Sheik Mohamed, a local Imam working with DICE project, recalls hearing members of his community discussing how immunization causes paralysis and other side effects in children.
“I try to demystify myths and misconceptions revolving around immunization services, by talking with people in town or at the mosque”.
Entire communities cut off
Many areas DICE now serves have not been offered any services for up to 13 years, since violence and insurgency started to spike on the Somali border. Mohammed Dayib, a nurse working with DICE near the border, protests that “All humanitarian aid was withdrawn because of insecurity in this area”. Isolation always spells an increase in child and maternal mortality and the spread of killer diseases, not only because access to treatment is physically impossible, but also because information is out of reach for these nomadic people, who are also ensconced in surviving Kenya’s worst drought in 40 years.
“Just yesterday I was called out when a mother delivered in the bush and had complications. They were going to slaughter a goat and give her the blood to cure her. I had to manually extract the placenta which had been inside her for two days.” Mohammed shakes his head in wonder at how this mother survived.
A blueprint for intensifying community demand for health
Ahmed Mohamed is an Imam and water committee chair, he says, “DICE came during this critical drought, where people can have their children assessed for malnutrition at home and be given plumpynut if needed. Minor ailments are also treated. Mothers who have delivered at home get a visit from the outreach health workers, the child is vaccinated, and you can prepare to get a birth certificate for your child. That’s the difference. The services are brought close to us”.
Ayub Duale, UNICEF’s Social Behaviour Change Officer outlines that “It’s the first time UNICEF has integrated services such as vaccines and birth certificates and taken them to nomadic settlements in this way. It was crucial to fix the zero-dose burden to improve immunization coverage, because you can’t control nomadic behaviour”.

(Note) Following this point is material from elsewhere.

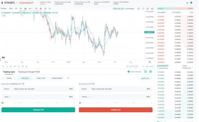 En este punto, podremos realizar una orden limite o de mercado para comprar/vender ETH con respecto a BTC. Es decir, si tenemos ETH, podríamos vender ETH directamente por BTC sin tener que pasar por una moneda estable (USDT, USDC)

Yakub Abdow Ali represents Fafi sub-county, Garissa County, in the community engagement, one of almost 100,000 people reached through DICE’s series of community feedback discussions. “We have never seen such a meeting before where forgotten cross border communities are gathered together”.
DICE mapped 994 nomadic settlements and 2,294 points of interest, such as waterpoints, livestock markets or duksis (nomadic koranic schools). It conducted 167 vaccine outreaches, traced 990 defaulters, visited 7,497 households, trained 1,370 community champions and held 940 feedback sessions. 111,208 people from the community helped to design the programme.
Ahmed Mohamed, the Imam, reflects on his own childhood. When I was nine years old, I was with my mother at the water point near Wajir Town. I got my BCG and polio vaccine but my younger brother ran away and hid in the blankets on the camel’s back. The health worker saw him rustling and grabbed him and gave him the vaccination!” This is the history of vaccination in Wajir county: At first vaccination was forced, then it was offered but with too little information “and now, there is full consent with community champions” laughs Ahmed. “The difference is clear for all to see”.